When I a TF* casting call on MM, or message a model I'd like to work with, I tell them right up front that they'll get about 6 images. If they want a shoot & burn session, they can go elsewhere. The only time I've ever had an issue was with a young, "my friends told me I should be a model, so..." kid of about 15 or so. Fortunately, I had the signed release/license agreement both he and his mother signed, and my butt was covered.


----------



## 12sndsgood (Nov 26, 2013)

I let them know up front they will get what I edit up. I usually talk with those I choose to work with ahead of time so they know what to expect. I don't give a number because every shoot varies. Generally I'll edit up under 20 per a 2 hour session which even I consider a lot.  But with model shoots it's practice so I usually am also practicing my processing skills as we'll.


----------



## Steve5D (Nov 27, 2013)

I've got a very simple rule which I follow, every time, without fail: 

"You don't get to see the bad ones".

Period.

When presenting photos to a client, whether that client is paying me or it's TFCD, I am the sole arbiter of what is good and what is bad. Period. That's my job. _You're_ job is to stand there and strike a pose and adopt a pensive expression for the camera.

Period.

I don't even bother renumbering them. I've been asked about photos not being sequential, and I've often explained it. When asked if I could show the ones I decided were less than presentable, I simply say no.

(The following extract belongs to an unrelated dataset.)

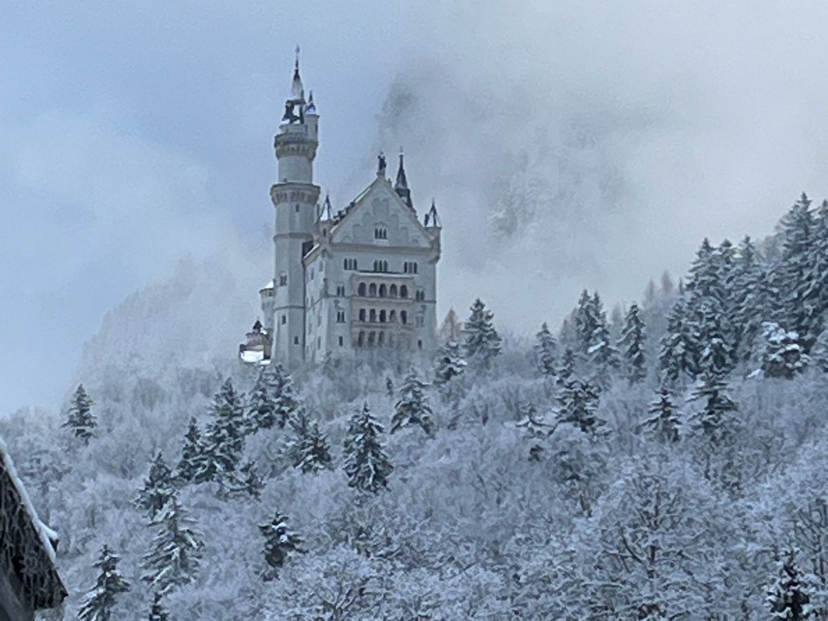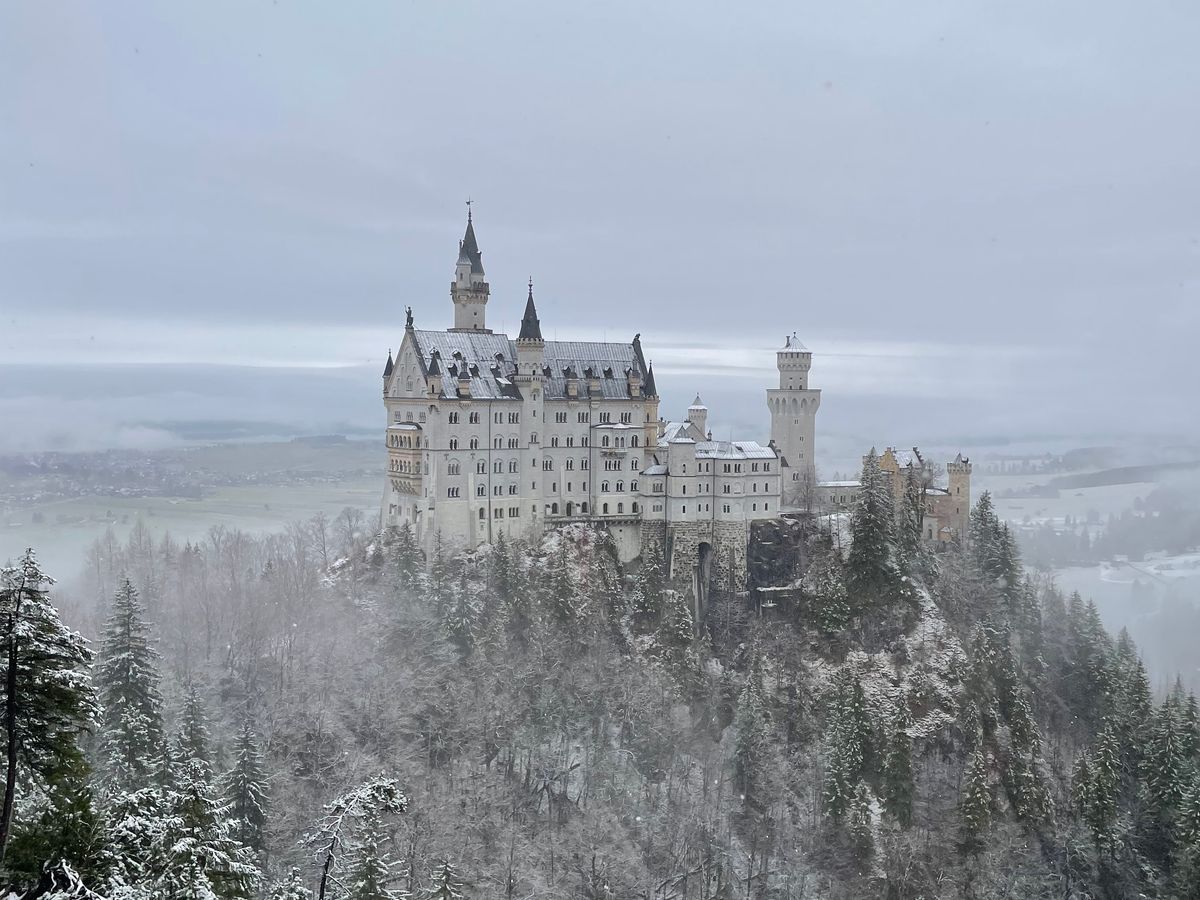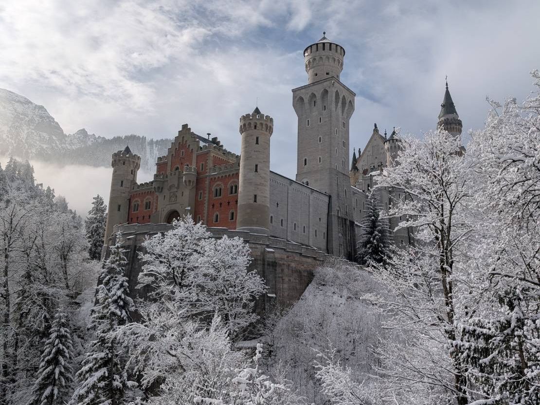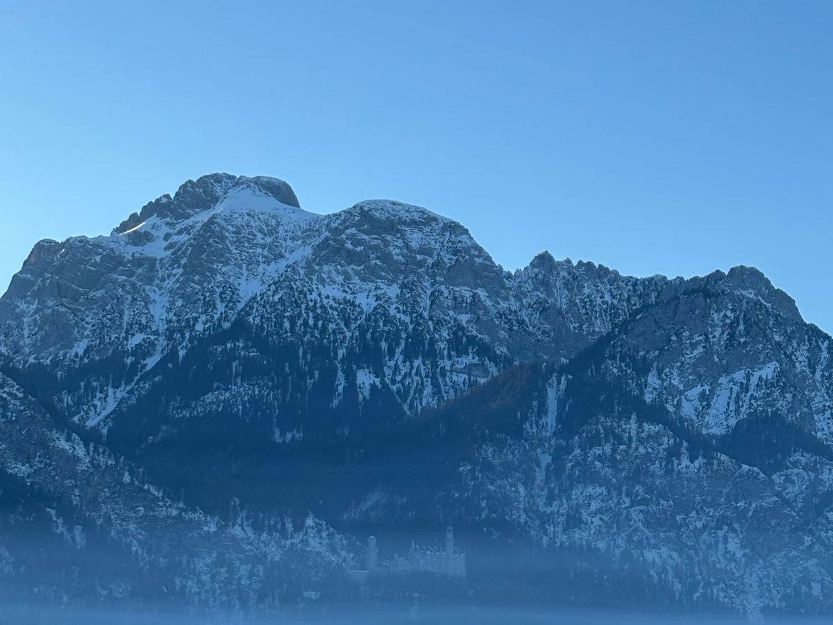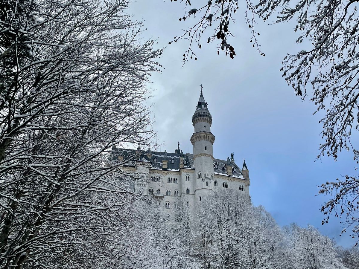 城の目の前に広がるアルプ湖が凍結し、太陽の光が注ぎ込んで湖に反射した先にアルプスの山々が連なる様は一見の価値ありまです。空気までもが凛とした極寒の中で荘厳な城が一層引き立ち、冬のドイツで素敵な時間を過ごすことができました。

There is, of course, a very simple way to avoid this: Agree on the number of images you'll provide. I've done that every time I've shot TFCD, and have never had a problem; not once...


----------



## DGMPhotography (Nov 28, 2013)

Okay, I really appreciate the feedback here. So even though my model is kinda experienced it would appear that she does have some learning to do. Don't we all? I've let her know my thoughts on this and we agreed on a compromise. Thanks!


----------